In a preferred embodiment the component b) comprises only methacrylic acid.
Preferably, the dispersant comprises the repeat units from copolymerising from 3 to 25, more preferably from 3 to 23, especially from 7 to 20 and most especially from 9 to 18 parts by weight of component b). This is especially so when component b) comprises or more preferably is methacrylic acid.
In component c) each hydrophilic monomer present has one or more hydrophilic non-ionic groups.
For the purposes of the present invention a monomer having both ionic and non-ionic hydrophilic groups is considered to belong to component c). Thus, all the ethylenically unsaturated monomers in component b) are free from hydrophilic non-ionic groups.
Preferably, the monomers in component c) have calculated Log P values of less than 1, more preferably from 0.99 to −2.
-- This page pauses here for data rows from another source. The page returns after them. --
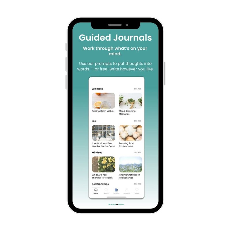 Uplift Guided Journals don't leave you staring at a blank page and wondering where to start (although you can do that in Free Write if you like!). Choose a journaling topic and walk through five thoughtful questions that will help you gain deeper insights into your thoughts, emotions, and growth.
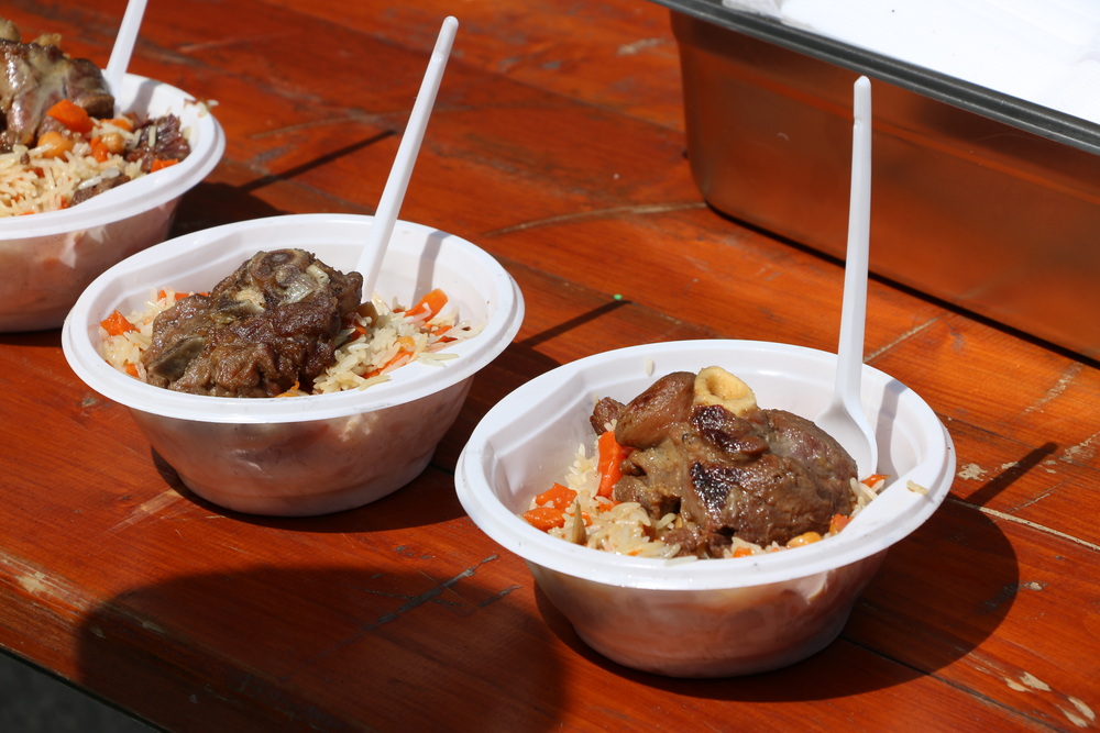 Стоит отметить, в минувший понедельник было роздано более двухсот порций плова и жареного мяса.
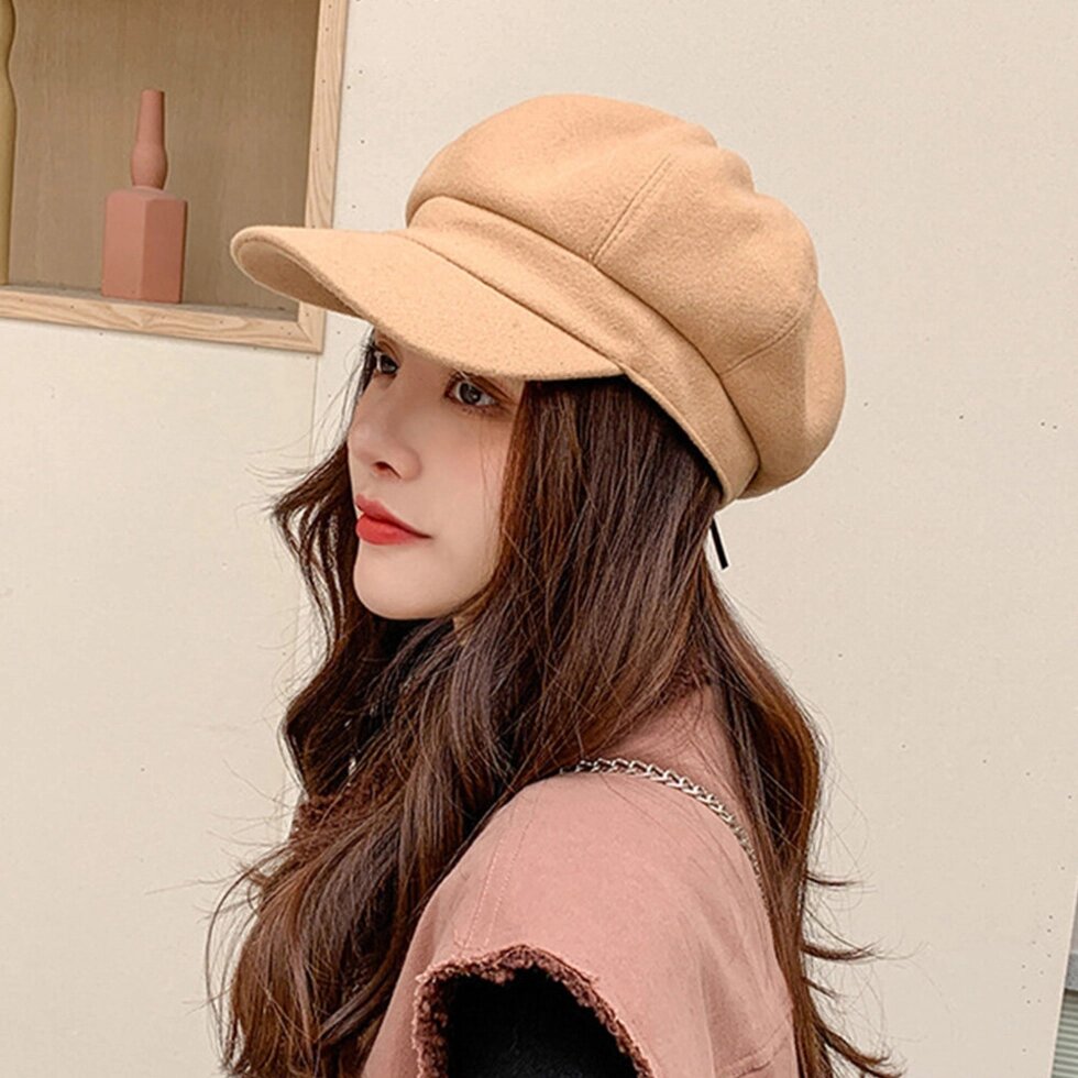 Женский однотонный шерстяной восьмиугольный Шапка Осенне-зимний утолщенный теплый берет Cap Painter Шапка
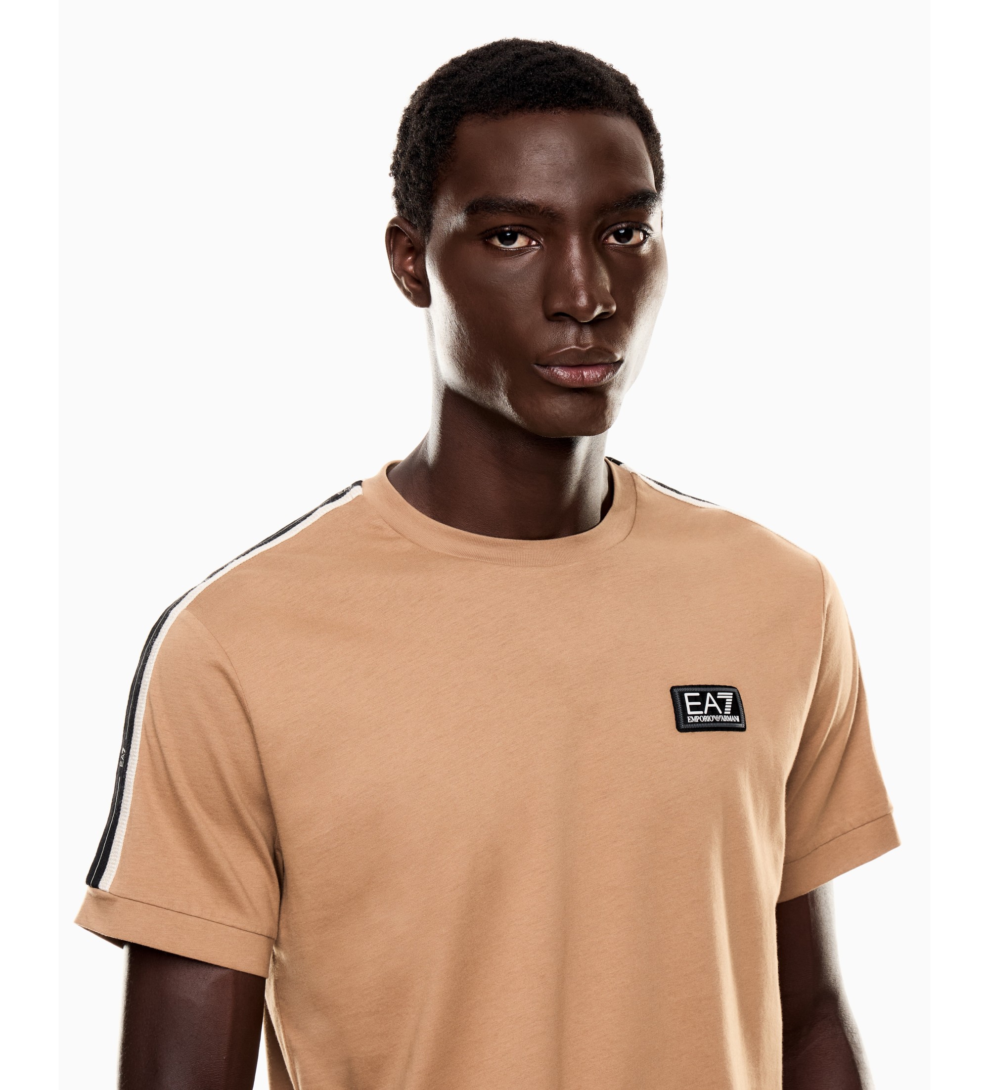 Regular fit crew neck T-shirt in soft cotton jersey. This model is personalised by the logo tape detail on the shoulders and the EA7 logo on the chest, a reference to other creations in the Logo Series line. The EA7 logo is the real star of the Logo Series, which this season is versatile in its interpretation, alternating tone-on-tone, retro motifs and mini formats. Comfortable and versatile garments, perfect for moments of leisure and relaxation.
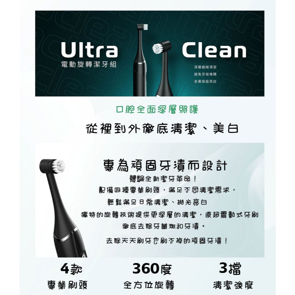 【未來實驗室】Ultraclean 電動旋轉潔牙組 牙刷 清潔 潔牙組 電動 家用電動 便攜式 四種刷頭 電動潔牙器
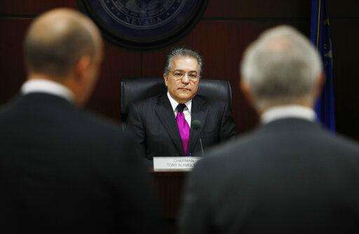 Matt Maddox, left, CEO of Wynn Resorts Ltd. and Phil Satre, right, board chairman of Wynn Resorts Ltd., speak before Nevada Gaming Commission Chairman Tony Alamo, Tuesday, Feb. 26, 2019, in Las Vegas. (AP Photo/John Locher) The Associated Press

We have found that dispersants containing relatively small amounts of repeat units from hydrophilic ethylenically unsaturated monomers having one or more hydrophilic non-ionic groups tends to much reduce the ability of the final pigment inks to obtain high OD when printed onto plain paper. The presence of these repeat units in the dispersant also causes an increase in the critical coagulation concentration. In our studies we have found that by limiting the amount of these repeat units in the dispersant to no more than 2 parts by weight per 100 parts of all the monomer repeat units, high CCCs and high ODs on plain paper can be better obtained.
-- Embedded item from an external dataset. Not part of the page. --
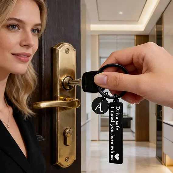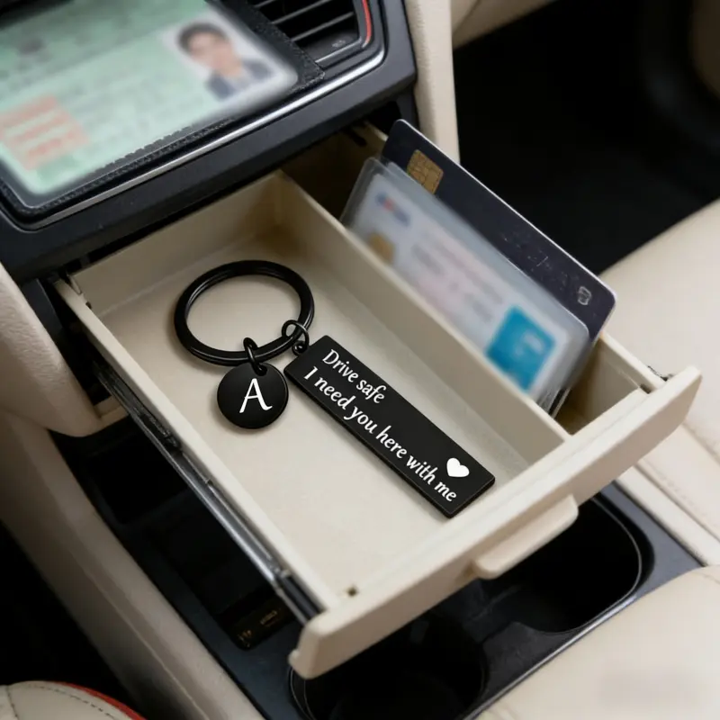 Heartfelt Drive Safe Message – Features the touching engraving paired with a delicate heart symbol. This keychain delivers a warm reminder of love and care, making it a perfect daily companion for anyone who values connection.

Preferably, component c) is less than 1 part, more preferably less than 0.5 parts, especially less than 0.1 parts and most especially 0 parts (i.e. absent). In this way the dispersant contains no repeat units from hydrophilic ethylenically unsaturated monomers having one or more hydrophilic non-ionic-groups.
Examples of hydrophilic non-ionic groups include polyethyleneoxy, polyacryamide, polyvinyl pyrrolidone, hydroxy functional celluloses and poly vinyl alcohol. A readily available ethylenically unsaturated monomer having a hydrophilic non-ionic group is polyethyleneoxy(meth)acrylate.
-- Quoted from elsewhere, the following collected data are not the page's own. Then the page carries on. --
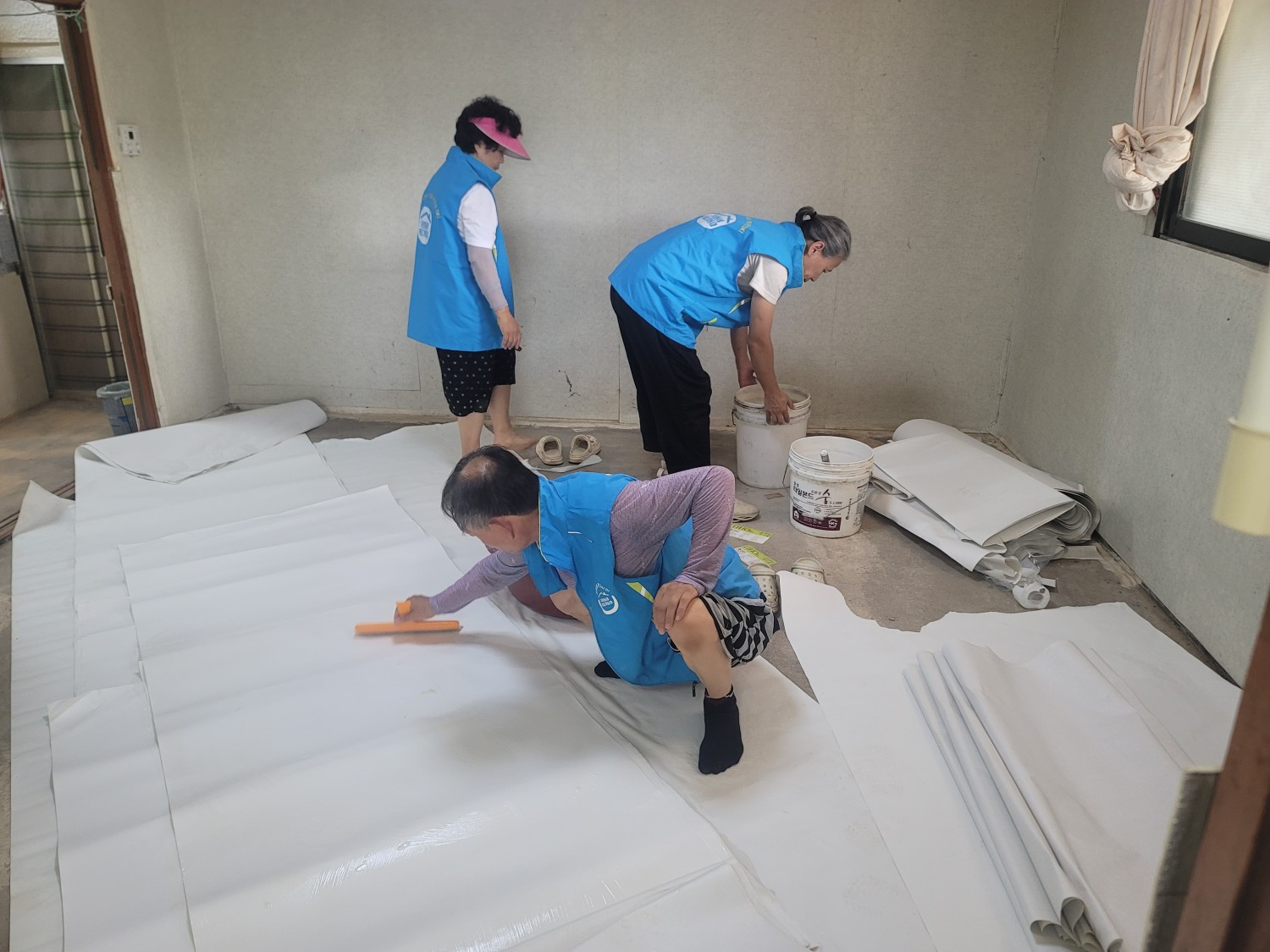 이번 폭우로 침수피해를 입은 저소득 6가구에 대하여 함평읍우리동네 복지기동대는 도배장판을 지원하였다
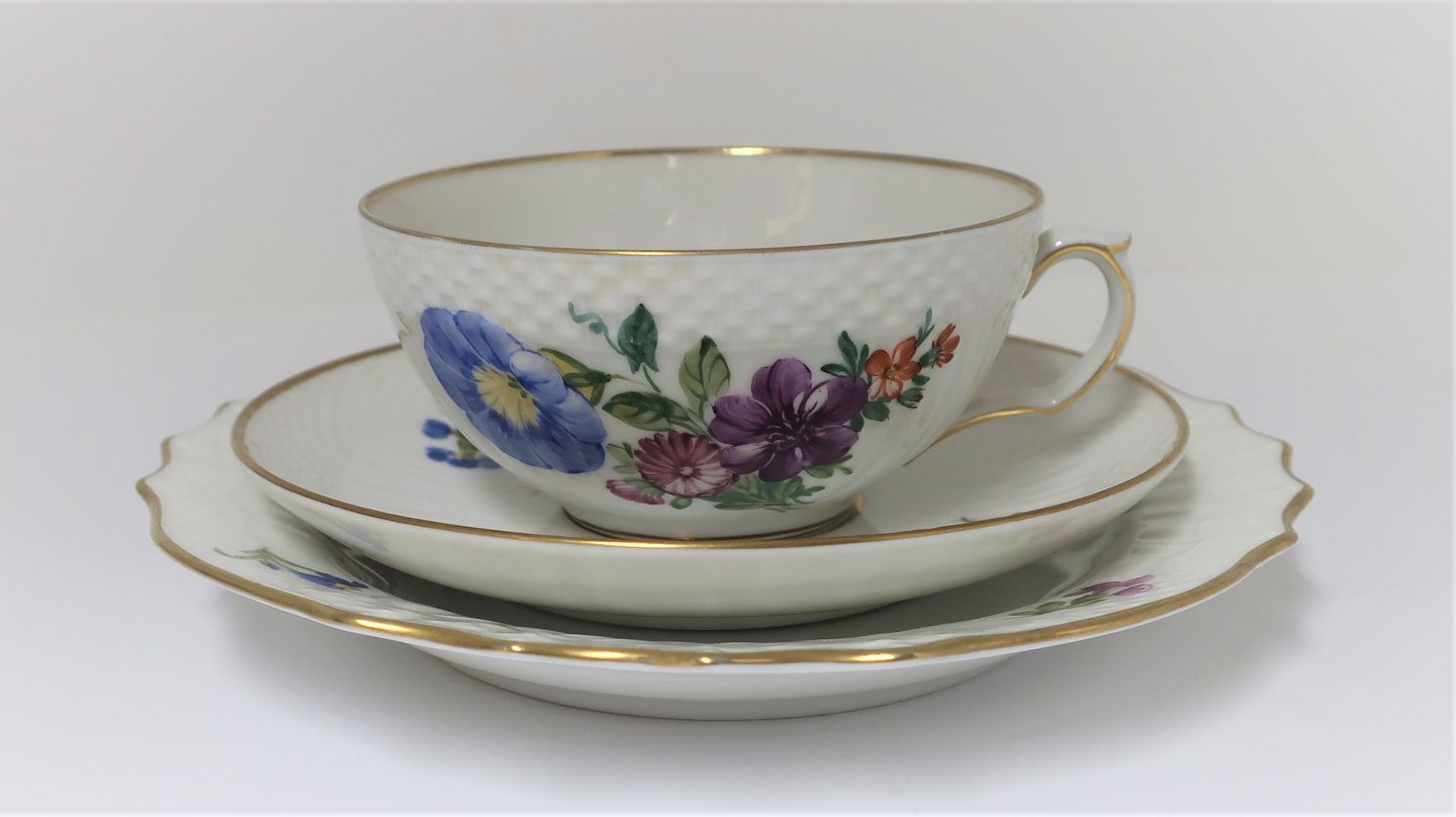 Royal Copenhagen. Let Saksisk blomst. Tekop med kagetallerken. Tekop model 493/1551. Kagetallerken 493/1625. Der er 8 sæt på lager. Prisen er per sæt
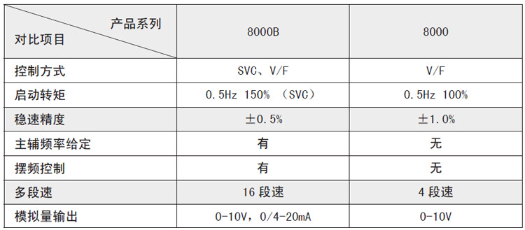 8000B系列和8000系列的功能區別如下表:
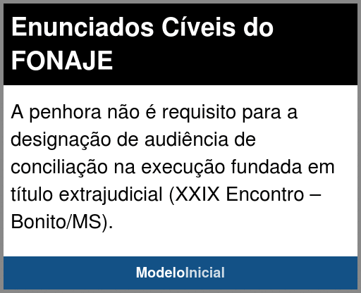 A penhora não é requisito para a designação de audiência de conciliação na execução fundada em título extrajudicial (XXIX Encontro – Bonito/MS).

In embodiments where repeat units from component c) are present in the dispersant (for example 2 parts by weight of component c) then in one embodiment the amount of component c) is deducted from the preferred amounts of component a). In this way the amounts of all the components a) to c) still adds to 100. Thus for examples where 2 parts by weight of component c) is present the preferred amounts of component a) expressed above would become from 73 to 95 (75-2 to 97-2), more preferably from 75 to 95 (77-2 to 97-2), especially from 78 to 91 (80-2 to 93-2) and most especially from 80 to 89 (82-2 to 91-2) parts by weight of component a). In an another embodiment it is possible to deduct the amount of component c) from the preferred amounts of component b) so that again the sum of the amounts of components a) to c) adds to 100 parts by weight.
In view of the foregoing a preferred dispersant comprises the repeat units from copolymerising the ethylenically unsaturated monomers in components a) to c):
As mentioned above, preferably, benzyl(meth)acrylate is benzyl methacrylate (not benzyl acrylate).
It is preferred that the only hydrophobic monomer in component a) is benzyl methacrylate:
The pigment particles in the dispersion referred to in step I) preferably have an average particle size of no more than 1 micron, more preferably from 10 to 1000nm, especially from 50 to 500nm and most especially from 50 to 300 nm. The average particle size is preferably measured by a light scattering technique. Preferably the average particle size is a Z-average or volume average size.
Preferably, the dispersant is such that it was able to provide the above mentioned preferred pigment particle size in step I) in an aqueous liquid medium, more preferably in an aqueous liquid medium' which comprises at least 50%, even more preferably at least 60% and especially at least 70% by weight of water, the remainder being one or more water-miscible organic solvents. This is one of the advantages of the present invention in that it facilitates the use of aqueous liquid media for dispersing the pigment with the dispersant whilst additionally providing inks which offer good OD when printed onto plain paper. This contrasts with some known pigment dispersion processes which use entirely or predominantly organic liquid media.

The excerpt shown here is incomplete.